(HOW TO COMPLETE THIS TASK): For the listing below, return the line containing "La trama è un", the line containing "CAUTION EXPLOSIVE POWERED", and all lines in between, exactly as written and nothing else.

(RECORDS PROVIDED):
= = = = =

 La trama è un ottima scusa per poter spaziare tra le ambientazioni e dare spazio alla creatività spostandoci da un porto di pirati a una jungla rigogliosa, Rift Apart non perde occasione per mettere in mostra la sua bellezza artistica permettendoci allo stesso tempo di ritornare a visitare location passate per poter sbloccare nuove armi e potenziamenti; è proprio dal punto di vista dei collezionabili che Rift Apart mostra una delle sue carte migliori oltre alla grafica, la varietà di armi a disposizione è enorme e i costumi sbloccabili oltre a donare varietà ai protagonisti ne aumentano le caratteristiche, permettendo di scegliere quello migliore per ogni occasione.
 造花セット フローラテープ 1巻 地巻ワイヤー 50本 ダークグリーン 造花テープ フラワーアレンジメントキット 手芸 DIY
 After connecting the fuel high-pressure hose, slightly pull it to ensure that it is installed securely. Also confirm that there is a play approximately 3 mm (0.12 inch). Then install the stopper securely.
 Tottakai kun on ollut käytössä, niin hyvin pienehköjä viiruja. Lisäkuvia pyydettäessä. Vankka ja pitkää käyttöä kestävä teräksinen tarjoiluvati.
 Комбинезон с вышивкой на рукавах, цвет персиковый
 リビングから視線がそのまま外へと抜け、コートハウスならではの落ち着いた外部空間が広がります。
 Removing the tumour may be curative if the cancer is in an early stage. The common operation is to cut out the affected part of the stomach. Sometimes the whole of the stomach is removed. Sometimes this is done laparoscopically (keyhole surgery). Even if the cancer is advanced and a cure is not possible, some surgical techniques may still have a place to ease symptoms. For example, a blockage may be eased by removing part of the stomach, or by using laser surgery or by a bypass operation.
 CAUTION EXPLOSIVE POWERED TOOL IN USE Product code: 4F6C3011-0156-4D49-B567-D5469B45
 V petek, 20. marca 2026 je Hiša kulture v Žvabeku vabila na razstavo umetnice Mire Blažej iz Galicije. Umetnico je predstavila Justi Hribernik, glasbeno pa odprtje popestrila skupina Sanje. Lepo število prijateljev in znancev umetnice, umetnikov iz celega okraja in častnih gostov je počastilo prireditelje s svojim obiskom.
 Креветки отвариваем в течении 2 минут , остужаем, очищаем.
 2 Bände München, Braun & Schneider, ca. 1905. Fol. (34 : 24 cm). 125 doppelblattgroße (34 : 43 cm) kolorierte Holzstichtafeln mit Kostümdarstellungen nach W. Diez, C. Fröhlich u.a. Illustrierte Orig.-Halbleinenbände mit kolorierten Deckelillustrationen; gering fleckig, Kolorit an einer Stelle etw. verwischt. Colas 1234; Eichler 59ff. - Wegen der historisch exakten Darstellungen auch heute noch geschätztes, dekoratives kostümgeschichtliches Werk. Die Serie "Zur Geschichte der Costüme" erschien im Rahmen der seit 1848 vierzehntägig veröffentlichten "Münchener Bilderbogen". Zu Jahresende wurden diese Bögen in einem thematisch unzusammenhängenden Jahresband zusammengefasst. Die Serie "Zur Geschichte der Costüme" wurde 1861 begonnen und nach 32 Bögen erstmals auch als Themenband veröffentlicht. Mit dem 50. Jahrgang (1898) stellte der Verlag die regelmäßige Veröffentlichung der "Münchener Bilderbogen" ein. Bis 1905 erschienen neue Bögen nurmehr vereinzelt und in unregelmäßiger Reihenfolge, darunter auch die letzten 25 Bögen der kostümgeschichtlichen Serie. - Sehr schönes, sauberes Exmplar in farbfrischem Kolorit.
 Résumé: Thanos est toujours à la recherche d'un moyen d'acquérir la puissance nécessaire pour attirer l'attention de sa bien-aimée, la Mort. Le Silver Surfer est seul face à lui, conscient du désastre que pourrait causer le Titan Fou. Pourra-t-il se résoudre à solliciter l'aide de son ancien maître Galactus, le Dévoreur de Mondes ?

= = = = =

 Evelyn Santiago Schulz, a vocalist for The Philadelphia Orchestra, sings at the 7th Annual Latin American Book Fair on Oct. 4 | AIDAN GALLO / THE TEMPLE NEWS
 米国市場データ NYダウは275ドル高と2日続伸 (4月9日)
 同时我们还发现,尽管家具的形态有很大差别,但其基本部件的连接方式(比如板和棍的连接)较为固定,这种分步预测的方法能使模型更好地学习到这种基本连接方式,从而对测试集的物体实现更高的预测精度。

= = = = =

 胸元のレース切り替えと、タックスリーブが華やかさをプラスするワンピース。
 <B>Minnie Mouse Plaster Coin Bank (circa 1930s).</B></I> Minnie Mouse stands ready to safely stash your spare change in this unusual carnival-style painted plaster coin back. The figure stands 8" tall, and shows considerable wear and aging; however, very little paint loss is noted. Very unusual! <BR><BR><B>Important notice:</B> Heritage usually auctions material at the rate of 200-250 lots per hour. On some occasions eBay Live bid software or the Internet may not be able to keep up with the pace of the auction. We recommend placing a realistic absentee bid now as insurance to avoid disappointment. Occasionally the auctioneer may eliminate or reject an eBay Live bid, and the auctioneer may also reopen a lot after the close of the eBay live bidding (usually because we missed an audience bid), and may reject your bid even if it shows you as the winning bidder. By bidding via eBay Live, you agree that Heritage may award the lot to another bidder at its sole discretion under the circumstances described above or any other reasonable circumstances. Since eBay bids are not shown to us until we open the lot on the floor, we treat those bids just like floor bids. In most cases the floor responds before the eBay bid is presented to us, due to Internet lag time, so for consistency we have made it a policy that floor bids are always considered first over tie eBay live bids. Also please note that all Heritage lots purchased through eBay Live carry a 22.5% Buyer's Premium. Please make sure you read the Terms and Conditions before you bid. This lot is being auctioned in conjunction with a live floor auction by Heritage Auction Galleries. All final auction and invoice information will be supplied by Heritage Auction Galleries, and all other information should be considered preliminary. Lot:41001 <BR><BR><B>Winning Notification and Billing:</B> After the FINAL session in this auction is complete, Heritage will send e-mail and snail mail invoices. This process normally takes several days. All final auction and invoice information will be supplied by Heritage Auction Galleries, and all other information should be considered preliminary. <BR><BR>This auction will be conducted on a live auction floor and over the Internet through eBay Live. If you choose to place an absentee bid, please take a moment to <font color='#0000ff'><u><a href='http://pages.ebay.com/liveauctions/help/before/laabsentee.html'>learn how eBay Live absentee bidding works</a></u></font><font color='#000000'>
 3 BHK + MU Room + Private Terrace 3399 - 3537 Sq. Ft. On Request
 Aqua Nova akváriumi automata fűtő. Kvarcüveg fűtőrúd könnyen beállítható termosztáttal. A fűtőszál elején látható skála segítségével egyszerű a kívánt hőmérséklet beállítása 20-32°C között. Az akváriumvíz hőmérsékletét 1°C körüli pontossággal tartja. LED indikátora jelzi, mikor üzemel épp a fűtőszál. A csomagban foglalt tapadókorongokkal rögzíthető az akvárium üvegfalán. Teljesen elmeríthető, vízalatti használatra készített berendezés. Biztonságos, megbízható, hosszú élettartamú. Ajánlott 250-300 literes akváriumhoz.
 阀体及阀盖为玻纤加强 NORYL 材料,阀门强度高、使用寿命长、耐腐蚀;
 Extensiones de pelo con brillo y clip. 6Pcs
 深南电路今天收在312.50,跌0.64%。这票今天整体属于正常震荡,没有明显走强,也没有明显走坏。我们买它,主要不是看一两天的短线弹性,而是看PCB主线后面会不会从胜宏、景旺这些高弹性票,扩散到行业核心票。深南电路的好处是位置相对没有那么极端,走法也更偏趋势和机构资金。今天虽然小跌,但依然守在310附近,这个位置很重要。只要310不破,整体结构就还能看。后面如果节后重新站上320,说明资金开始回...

= = = = =

(YOUR SOLUTION):
 La trama è un ottima scusa per poter spaziare tra le ambientazioni e dare spazio alla creatività spostandoci da un porto di pirati a una jungla rigogliosa, Rift Apart non perde occasione per mettere in mostra la sua bellezza artistica permettendoci allo stesso tempo di ritornare a visitare location passate per poter sbloccare nuove armi e potenziamenti; è proprio dal punto di vista dei collezionabili che Rift Apart mostra una delle sue carte migliori oltre alla grafica, la varietà di armi a disposizione è enorme e i costumi sbloccabili oltre a donare varietà ai protagonisti ne aumentano le caratteristiche, permettendo di scegliere quello migliore per ogni occasione.
 造花セット フローラテープ 1巻 地巻ワイヤー 50本 ダークグリーン 造花テープ フラワーアレンジメントキット 手芸 DIY
 After connecting the fuel high-pressure hose, slightly pull it to ensure that it is installed securely. Also confirm that there is a play approximately 3 mm (0.12 inch). Then install the stopper securely.
 Tottakai kun on ollut käytössä, niin hyvin pienehköjä viiruja. Lisäkuvia pyydettäessä. Vankka ja pitkää käyttöä kestävä teräksinen tarjoiluvati.
 Комбинезон с вышивкой на рукавах, цвет персиковый
 リビングから視線がそのまま外へと抜け、コートハウスならではの落ち着いた外部空間が広がります。
 Removing the tumour may be curative if the cancer is in an early stage. The common operation is to cut out the affected part of the stomach. Sometimes the whole of the stomach is removed. Sometimes this is done laparoscopically (keyhole surgery). Even if the cancer is advanced and a cure is not possible, some surgical techniques may still have a place to ease symptoms. For example, a blockage may be eased by removing part of the stomach, or by using laser surgery or by a bypass operation.
 CAUTION EXPLOSIVE POWERED TOOL IN USE Product code: 4F6C3011-0156-4D49-B567-D5469B45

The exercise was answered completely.